Input records>
-*-*-
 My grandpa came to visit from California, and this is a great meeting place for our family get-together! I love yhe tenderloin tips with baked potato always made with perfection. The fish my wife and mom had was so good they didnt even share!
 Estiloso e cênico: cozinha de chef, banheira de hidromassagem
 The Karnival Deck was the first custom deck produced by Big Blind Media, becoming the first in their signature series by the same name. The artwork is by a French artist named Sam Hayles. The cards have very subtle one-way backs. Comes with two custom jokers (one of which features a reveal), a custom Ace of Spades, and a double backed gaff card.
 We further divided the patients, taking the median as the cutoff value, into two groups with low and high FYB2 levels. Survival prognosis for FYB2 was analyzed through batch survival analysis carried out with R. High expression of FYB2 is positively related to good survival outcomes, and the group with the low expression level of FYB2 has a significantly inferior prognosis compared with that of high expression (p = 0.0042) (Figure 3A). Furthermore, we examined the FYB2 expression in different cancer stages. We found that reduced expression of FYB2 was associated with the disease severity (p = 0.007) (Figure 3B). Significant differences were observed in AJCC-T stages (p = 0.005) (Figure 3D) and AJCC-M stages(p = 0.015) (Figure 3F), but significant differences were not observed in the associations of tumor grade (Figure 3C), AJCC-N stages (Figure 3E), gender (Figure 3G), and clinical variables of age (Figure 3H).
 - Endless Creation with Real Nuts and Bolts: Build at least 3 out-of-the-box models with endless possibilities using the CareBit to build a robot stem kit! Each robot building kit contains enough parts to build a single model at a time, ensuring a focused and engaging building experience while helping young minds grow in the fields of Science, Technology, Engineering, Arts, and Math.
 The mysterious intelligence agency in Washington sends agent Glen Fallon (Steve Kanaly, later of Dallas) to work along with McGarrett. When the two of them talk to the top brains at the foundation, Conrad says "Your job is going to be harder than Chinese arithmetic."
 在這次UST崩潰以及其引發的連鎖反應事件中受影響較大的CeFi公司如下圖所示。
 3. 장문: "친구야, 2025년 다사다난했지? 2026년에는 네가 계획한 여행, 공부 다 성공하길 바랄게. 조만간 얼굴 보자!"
-*-*-
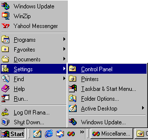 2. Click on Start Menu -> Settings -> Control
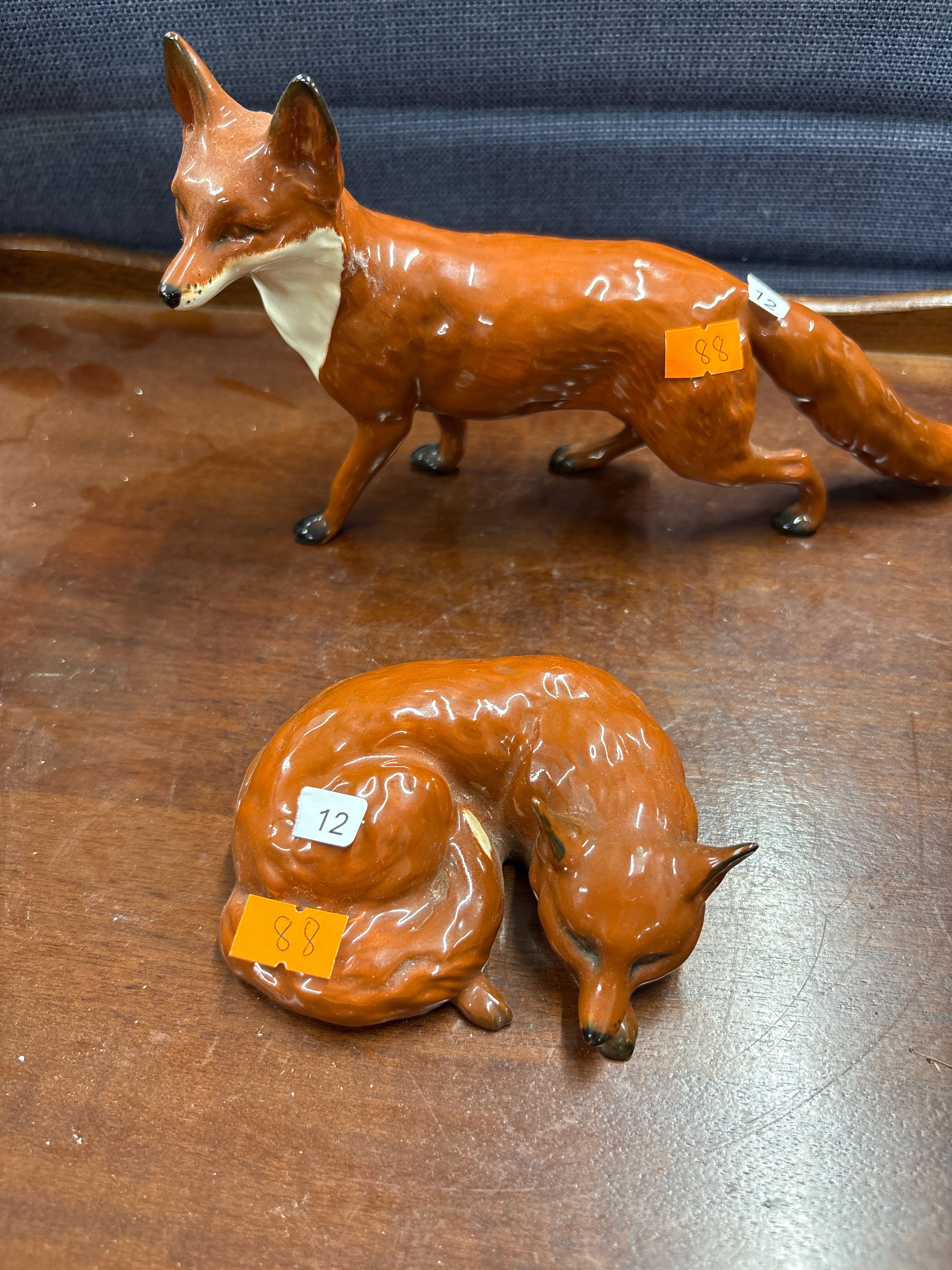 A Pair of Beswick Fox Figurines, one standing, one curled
-*-*-
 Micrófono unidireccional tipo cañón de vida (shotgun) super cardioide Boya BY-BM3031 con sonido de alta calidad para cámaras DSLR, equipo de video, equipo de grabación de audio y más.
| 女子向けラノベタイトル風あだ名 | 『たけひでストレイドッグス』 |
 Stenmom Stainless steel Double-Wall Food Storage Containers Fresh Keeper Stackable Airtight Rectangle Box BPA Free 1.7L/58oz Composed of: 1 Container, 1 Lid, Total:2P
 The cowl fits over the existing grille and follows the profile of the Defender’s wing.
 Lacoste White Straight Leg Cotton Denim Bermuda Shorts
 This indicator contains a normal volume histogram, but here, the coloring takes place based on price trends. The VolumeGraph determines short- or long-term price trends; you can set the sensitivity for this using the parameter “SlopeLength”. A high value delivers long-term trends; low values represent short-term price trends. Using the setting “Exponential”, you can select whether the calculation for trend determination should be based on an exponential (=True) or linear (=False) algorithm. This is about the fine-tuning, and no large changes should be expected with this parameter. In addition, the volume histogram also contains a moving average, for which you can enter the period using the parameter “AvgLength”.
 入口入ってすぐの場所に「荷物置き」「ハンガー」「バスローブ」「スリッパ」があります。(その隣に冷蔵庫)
-*-*-
Exercise description> Set down, from the entries above, exactly the lines from the one with "Stenmom Stainless steel" up to and including the one with "The cowl fits", and no other lines.

Answer to this task>
 Stenmom Stainless steel Double-Wall Food Storage Containers Fresh Keeper Stackable Airtight Rectangle Box BPA Free 1.7L/58oz Composed of: 1 Container, 1 Lid, Total:2P
 The cowl fits over the existing grille and follows the profile of the Defender’s wing.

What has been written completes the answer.